Emerging From the Fog
As Livingmore’s founders and songwriters contributing vocals and guitars on Take Me’s 11 tunes, Moore and Livingston don’t even have to be asked the inevitable question. “For anyone who hasn’t figured it out already, yes, we are in a relationship. I think it’s pretty obvious, but it’s impossible to know how things are perceived by others,” confirms Moore, who croons like Debbie Harry during Blondie’s dream-pop days on the propulsive opener “Sharp” and handily delivers a lively yet lyrically severe “Bummer”.
She and Livingston didn’t know each other while growing up in the San Fernando Valley, but her initial impression of him was a lasting one. “I first saw Spencer playing a solo show in 2013, and I immediately thought, ‘I feel like this guy would get my music,’” Moore recalls. “I could relate to his melodies and the songs he was writing. He had a quirkiness about him, and I connected with it. I said ‘hi’ after his show, and he was very nice.”

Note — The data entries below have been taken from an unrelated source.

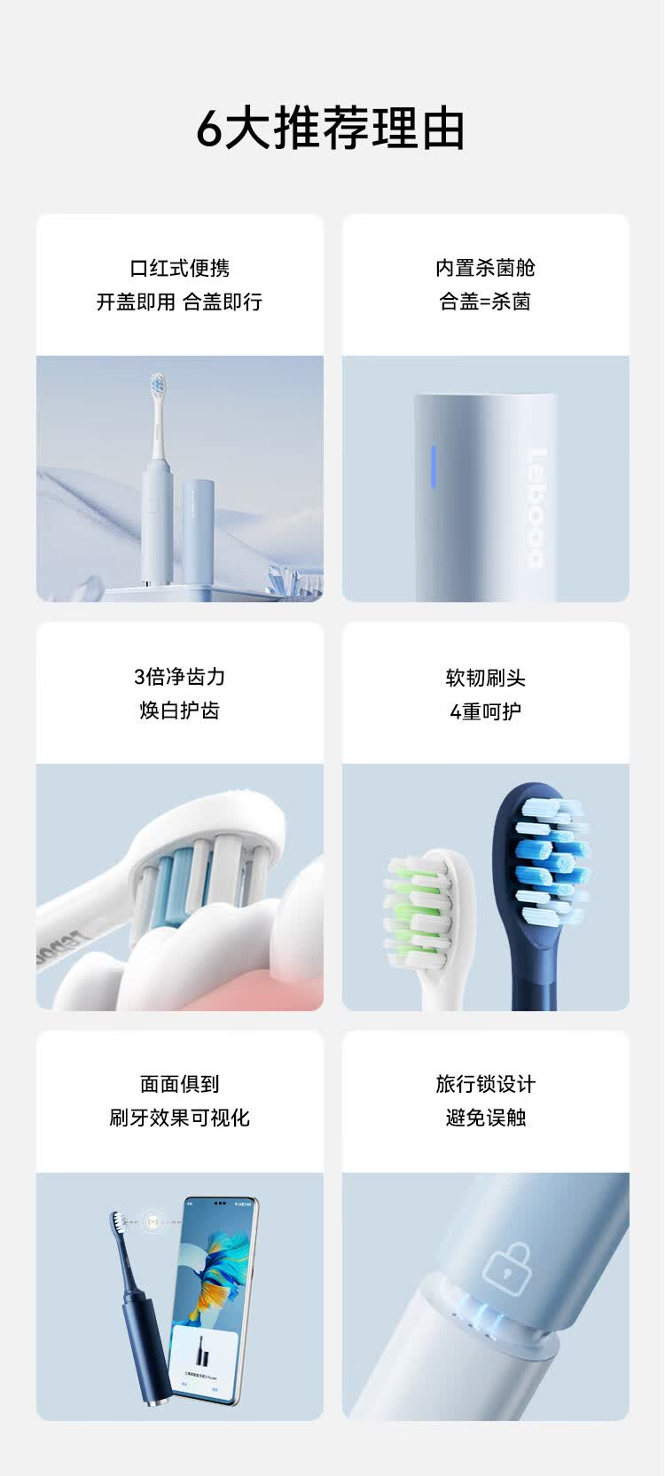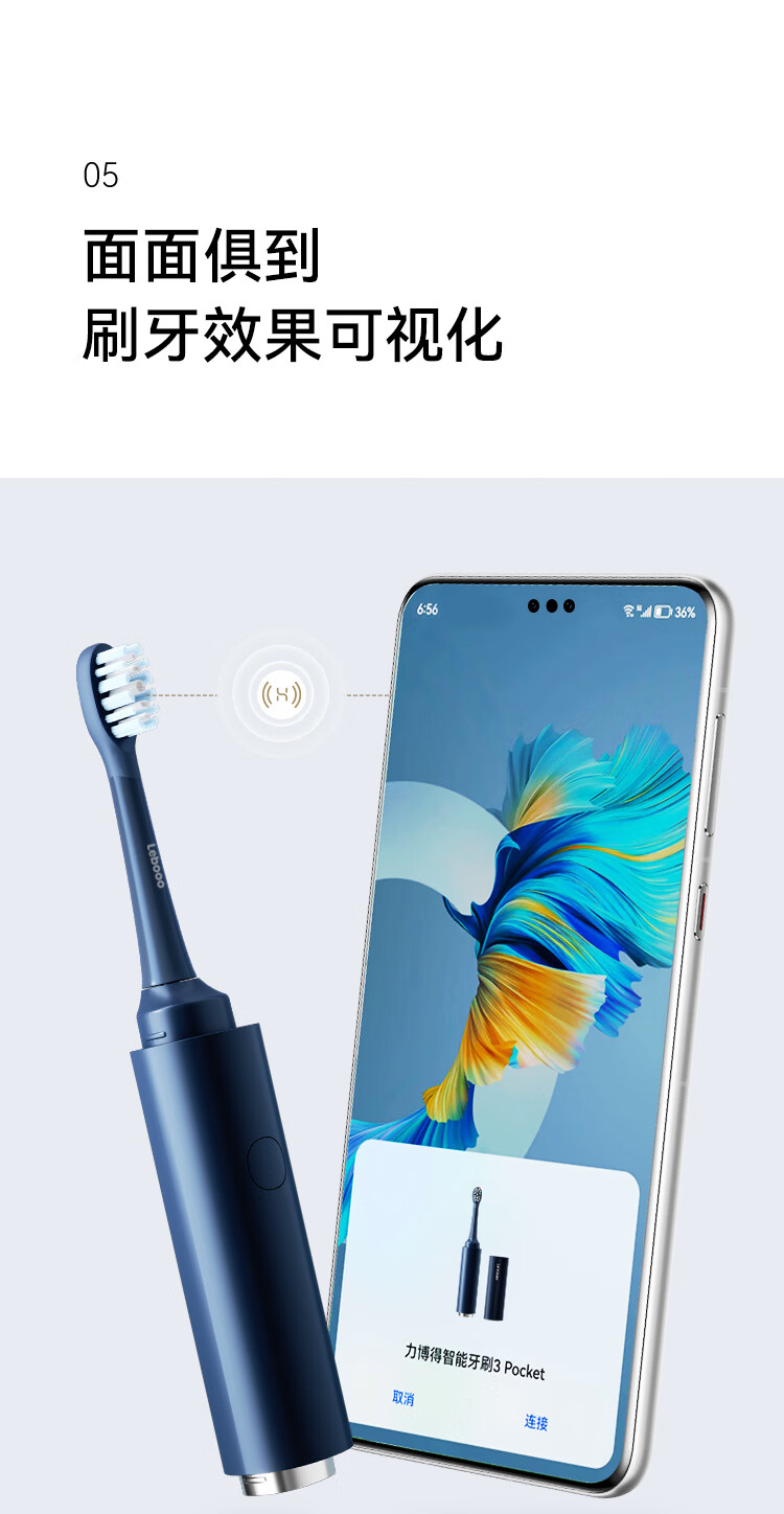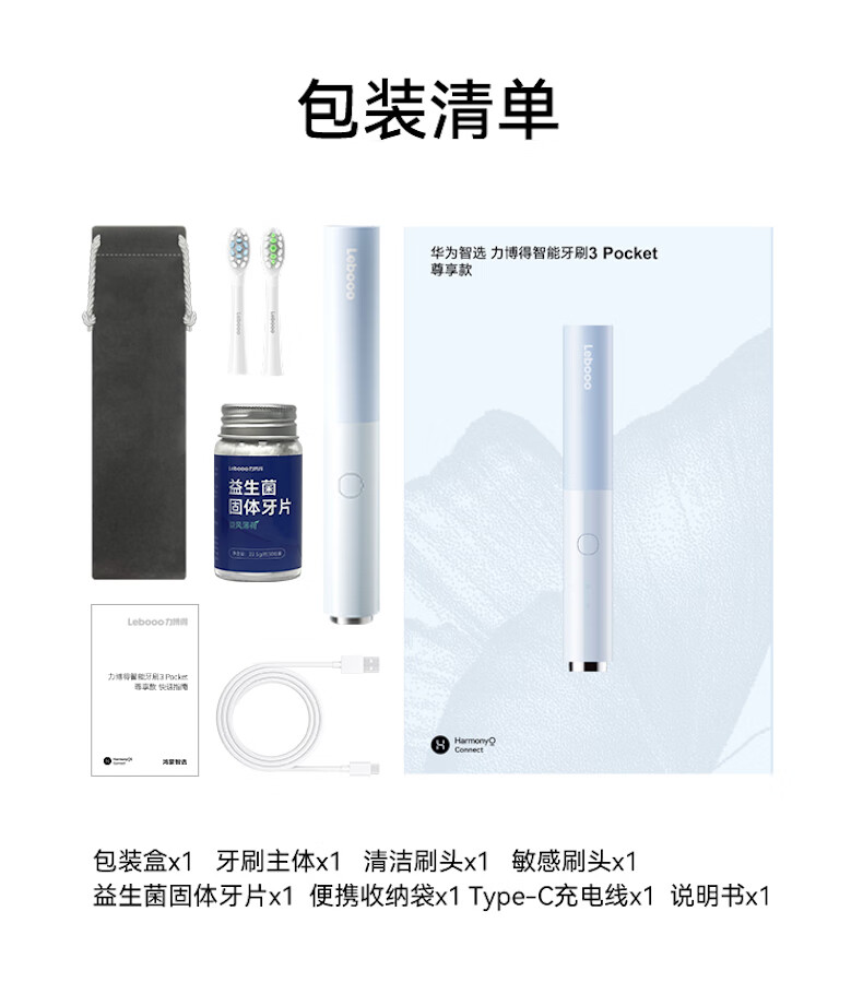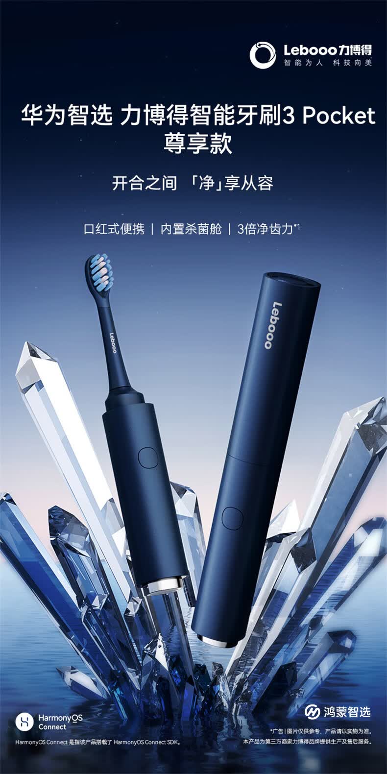 鸿蒙智选力博得智能牙刷3Pocket尊享款 电动牙刷成人便携口红牙刷消毒杀菌生日礼物蓝 支持华为智慧生活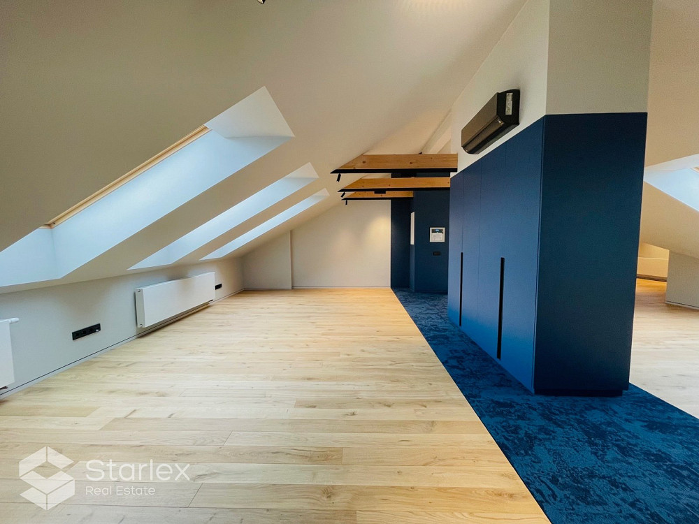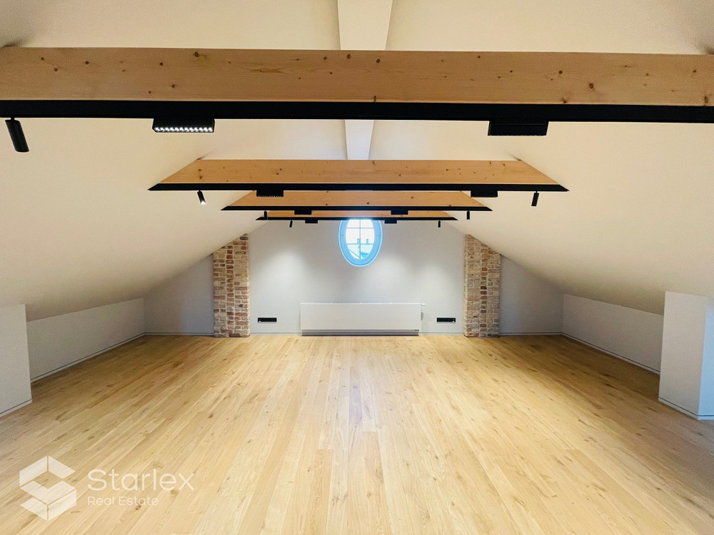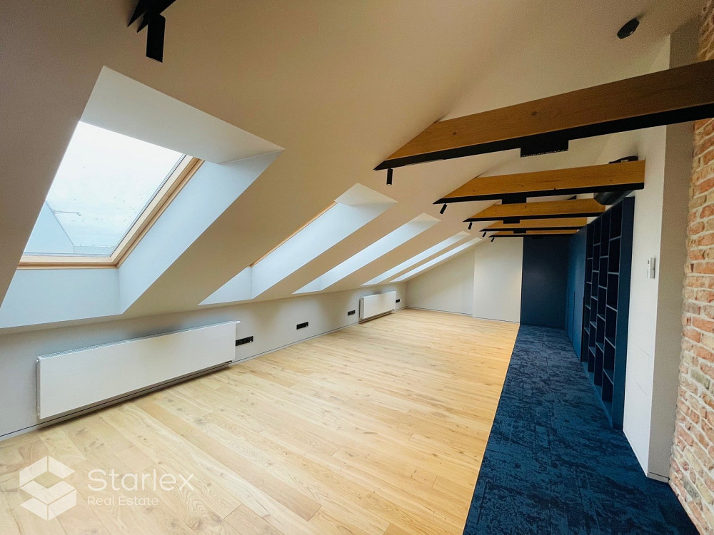 Сдаются в аренду качественные мансардные офисные помещения в отреставрированном здании в центре Риги, на улице Миера 2. Дом построен в 1912 году архитектор Г. фон Тизенхаузен. Доступны офисы с 1-3 квартала 2022 года, п Площадь каждого этажа ~ 250 м2, возможна аренда одного этажа, нескольких этажей вместе или всего здания вместе. Планировка: 5 рабочих зон открытой планировки, кухня, 2 санузла. Во дворе здания имеется около 12 парковочных мест, за дополнительную плату можно договориться по 2 парковочных места на каждом этаже - 100 евро/мес + НДС 21%; дополнительная парковка возле дома, платные парковки на улицах Миера, Шарлотта и Майзницас. Отделка: пол паркет; стены стены из крашеной штукатурки, а также стеклянные перегородки; потолок штукатурка/открытые исторические деревянные балки; освещение профессиональные офисные светильники; санузлы, облицованные плиткой, с высоким уровнем отделки. В каждом рабочем помещении будет предусмотрено кондиционирование воздуха (летом для охлаждения воздуха, зимой для дополнительного подогрева воздуха при необходимости). Недвижимость будет управляться профессионально. Платежи: - арендная плата 12 евро/м2 + НДС 21%. - плата за управление 1,5 евро/м2 + НДС 21%. - коммунальные платежи (вода, электричество, отопление, вывоз мусора). Налог на недвижимость включен в арендную плату. Рассматриваются только долгосрочные договоры аренды. В районе хорошо развита инфраструктура общественного транспорта все возможные троллейбусные и автобусные маршруты находятся в 1 минуте ходьбы, также рядом со зданием находится трамвайная остановка.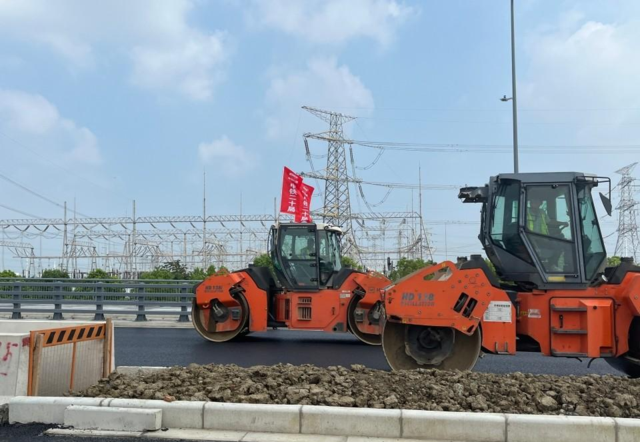 因此,尽管天气炎热,工人们还是坚守一线努力工作,为的就是让这条连接工业园区和昆山的道路能够早日通车。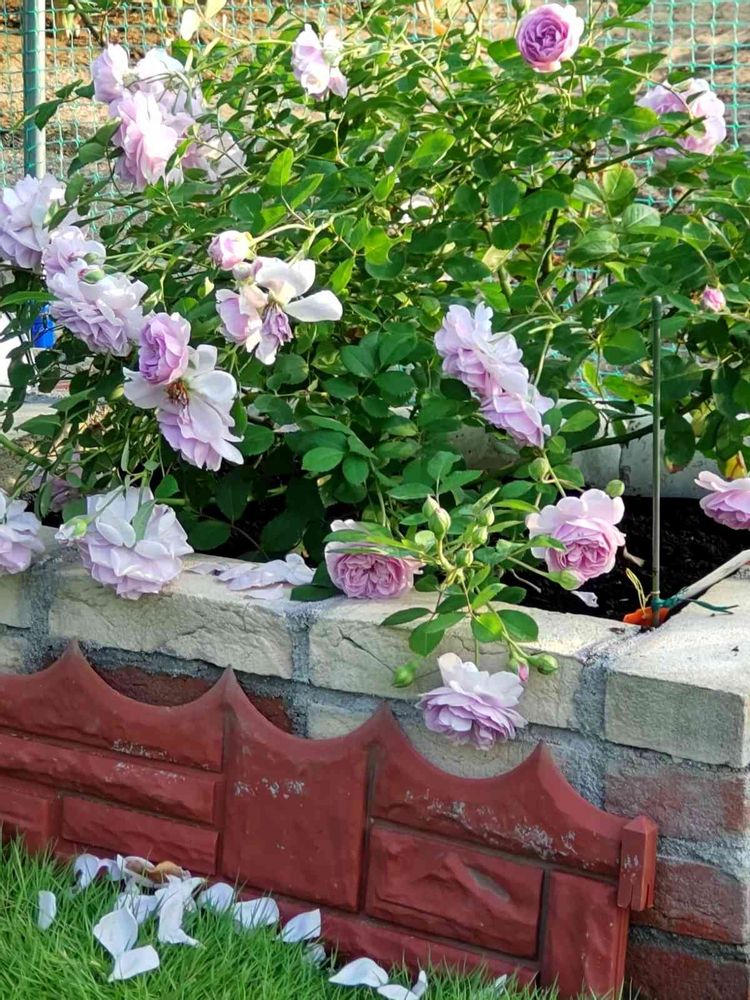 すっかり根のまわったレイニーブルーを地植え🎶後ろは畑だから橫張り性の🌹がちょうど良い😃ベンチから眺められるしの😁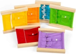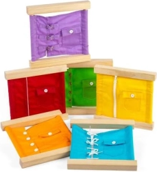 Dette læringssæt i klare farver er inspireret af Montessori-metoden og guider børn mod selvstændighed. På en sjov måde træner det øje–hånd-koordination, styrker tålmodighed, koncentration og evnen til at løse problemer. Hver ramme simulerer virkelige situationer ved påklædning.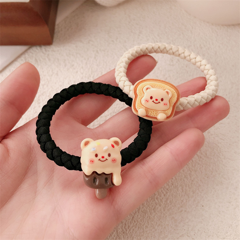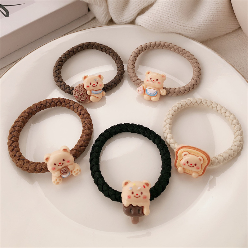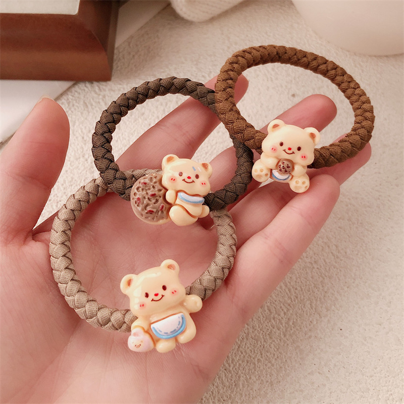 Caricatura encantadora crema oso anillo de cabello de alta elasticidad engrosado oso correa de cabello cuerda de cabello de cola de caballo accesorios para el cabello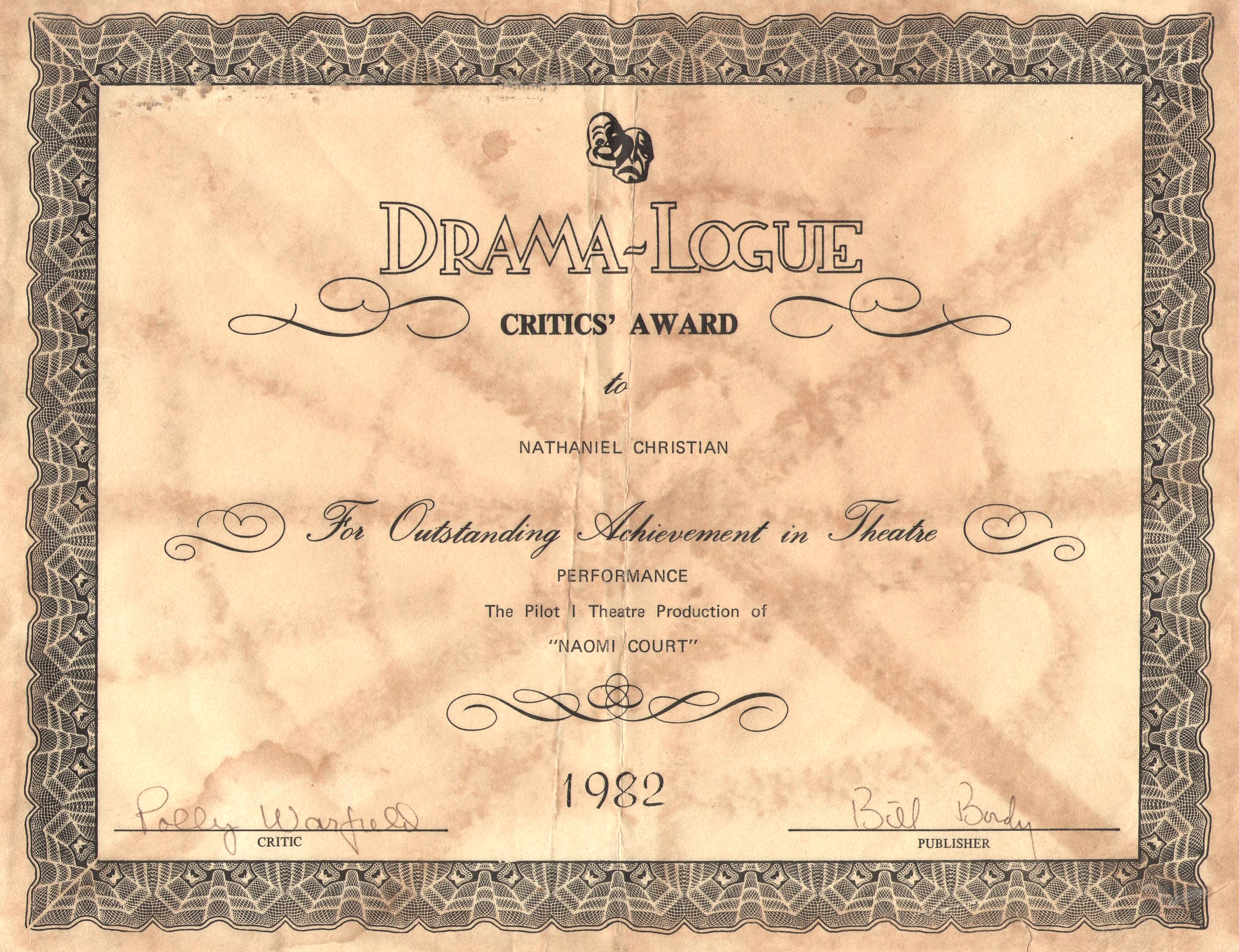 Nat Christian - DL Award - Naomi CourtNat Christian - WriteUp-TheaerNat Christian - Naomi Court -Cast ReviewNat Christian - Naomi Court - AD
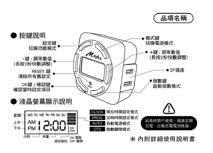 ◆商品名稱:明家24小時LCD數位節能定時器 2PIN插座

They didn’t run into each other again until a year or so later, when she performed some shows as a solo artist that he and some mutual friends attended. “I needed a lead guitarist at one point, and he quickly volunteered,” Moore says of Livingston, who released the introspective solo album Grow in 2013 before providing the driving riffs behind this band’s instrumental clout. “It’s funny because I only had one solo show with him as my guitarist before we decided to form Livingmore together. At that time, we were both in the middle of difficult breakups. We were also both in other bands that were falling apart for a number of different reasons, and we needed to make some changes. It was a very turbulent time in both of our lives, and we helped guide each other through the fog. We truly became best friends. We both needed new starts, and out of the fog came Livingmore. I’ve really never met anyone else as determined,” Moore continues. “We have gone through so much together and are still just as excited as we’ve ever been to make music together, and we never take each other for granted.”
Their musical collaboration began as a duo playing and writing songs on acoustic guitars while showing similar tastes in classic bands like the Beatles and the Kinks. Influences ranged from Modest Mouse, Wilco, and Roy Orbison in the United States to Radiohead, the Hives, and the Cure from across the pond to binational Garbage, with Scottish lead singer Shirley Manson fronting a band with three American musicians. “We played around town like that for about a year, focusing on our songwriting before we started letting other musicians in on our little world,” Moore asserts, and Livingmore released its debut, self-titled EP in 2015.
Livingston explains some of their various methods regarding how the pair’s process works in creating Livingmore’s words and music. “Alex and I write separately sometimes, and we’ll bring each other half-written songs to finish. Sometimes an idea will stem from a guitar bit that I’m writing, and Alex will lay something on top of it, which we then kind of massage into a song. When she gets going on that wavelength, I’ll just try my best to carve out a guitar part that moves around her vocal melody. … Sometimes, one of us will write an entire song, and we’ll help each other improve it. … Recently, Alex wrote a song on piano that I really like that may end up on our next album. …
“There are infinite combinations of so many different ways to write a song. We try to keep an open mind and don’t like to get locked into one way of doing anything. Our process is always evolving, and we are constantly learning.”